它对异常值不敏感，相比于均方误差（MSE），它对异常值的惩罚较小。

Huber损失的主要思想是在距离真实值较近的情况下采用均方误差，而在距离较远的情况下采用绝对误差，当δ趋向于0时它就退化成了MAE，而当δ趋向于无穷时则退化为了MSE

这种权衡可以有效减少异常值的影响。

\[l_{n}=\begin{cases}0.5(x_{n}-y_{n})^{2},if \left | x_{n} -y_{n} \right |\le \delta \\ \delta * (\left | x_{n} -y_{n} \right | - 0.5* \delta), \end{cases} \]

torch.nn.HuberLoss(reduction='mean', delta=1.0)

交叉熵损失Cross-Entropy Loss

交叉熵损失（Cross-Entropy Loss）是机器学习中常用的一种损失函数，主要应用于分类问题。

它用于衡量模型预测结果与实际标签之间的差异。

交叉熵损失基于信息论中的交叉熵概念，用于度量两个概率分布之间的相似性。
在分类问题中，我们将实际标签表示为一个one-hot向量，即只有一个元素为1，其余元素为0；而模型的预测结果通常是一个概率分布。
交叉熵损失通过计算实际标签和模型预测结果之间的交叉熵来评估模型的性能。
交叉熵：它主要刻画的是实际输出（概率）与期望输出（概率）的距离，也就是交叉熵的值越小，两个概率分布就越接近

\[Loss=-\sum_{i=1}^{n} y_{i}log(p_{i}) \]

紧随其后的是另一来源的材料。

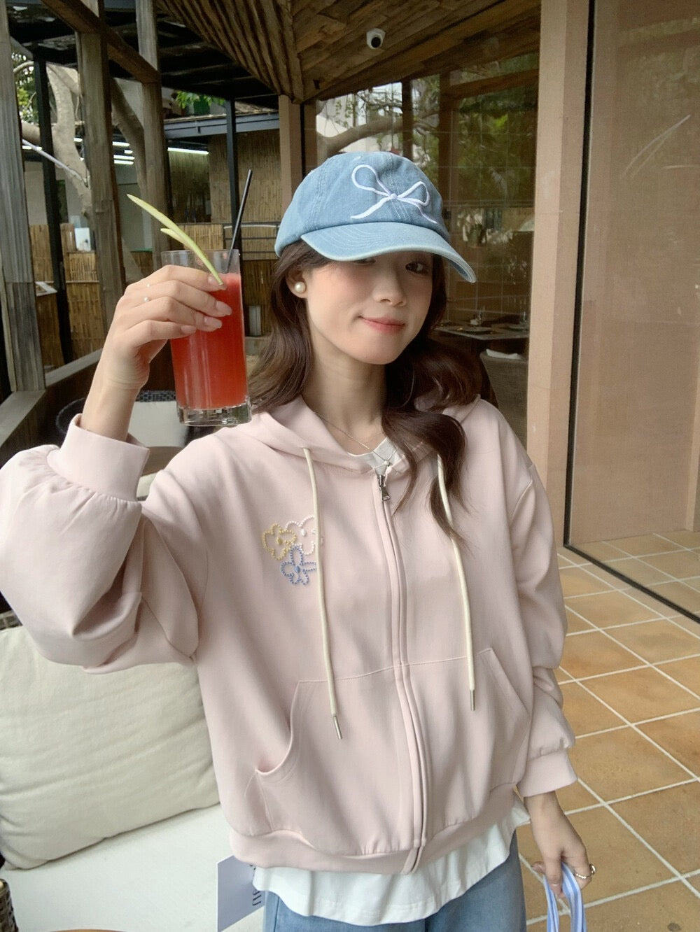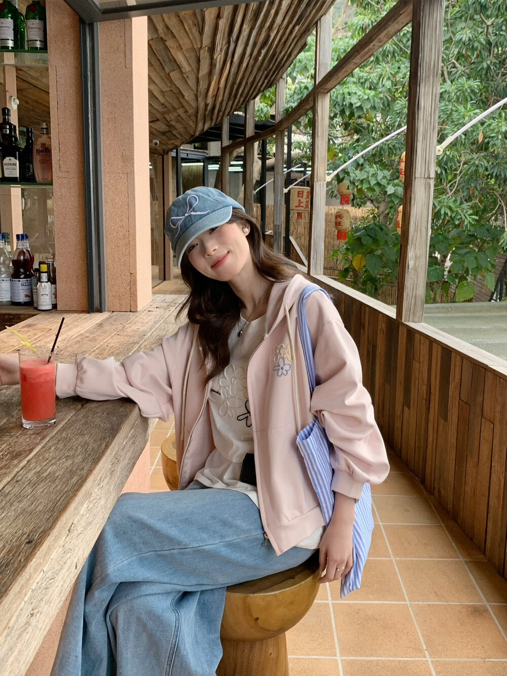 A casual and cute zip-up hoodie designed with delicate embroidery details and a relaxed silhouette. The soft fabric and slightly oversized fit create a comfortable and effortless Korean-inspired everyday look.

其中为实际标签中第个类别的概率（one-hot编码），为模型预测的第个类别的概率。

import numpy as np
import matplotlib.pyplot as plt

def cross_entropy_loss(y_true, p_pred):
    epsilon = 1e-10  # 添加一个小的常数以避免log(0)计算错误
    return -np.sum(y_true * np.log(p_pred + epsilon), axis=1)

# 模拟数据
num_samples = 1000
num_classes = 5

np.random.seed(42)
y_true = np.eye(num_classes)[np.random.choice(num_classes, num_samples)]  # 生成随机的one-hot标签
p_pred = np.random.rand(num_samples, num_classes)  # 模型预测的概率

loss = cross_entropy_loss(y_true, p_pred)

# 计算平均损失
average_loss = np.mean(loss)

# 绘制损失函数图形
plt.plot(range(num_samples), loss, 'bo', markersize=2)
plt.xlabel('Sample')
plt.ylabel('Cross-Entropy Loss')
plt.title('Cross-Entropy Loss for each Sample')
plt.axhline(average_loss, color='r', linestyle='--', label='Average Loss')
plt.legend()
plt.show()

print(f'Average Loss: {average_loss}')

二分类交叉熵损失：

criterion = nn.BCELoss()

多类别交叉熵损失：
torch.nn.CrossEntropyLoss(*weight=None*, *size_average=None*, *ignore_index=- 100*, *reduce=None*, *reduction='mean'*, *label_smoothing=0.0*)

KL散度损失Kullback-Leibler Divergence Loss

通常在生成模型中使用，用于测量两个概率分布之间的差异。

\[L(y_{pred},y_{true})=y_{true}\cdot log\frac{y_{true}}{y_{pred}} = y_{true}\cdot (log y_{true}-log y_{pred}) \]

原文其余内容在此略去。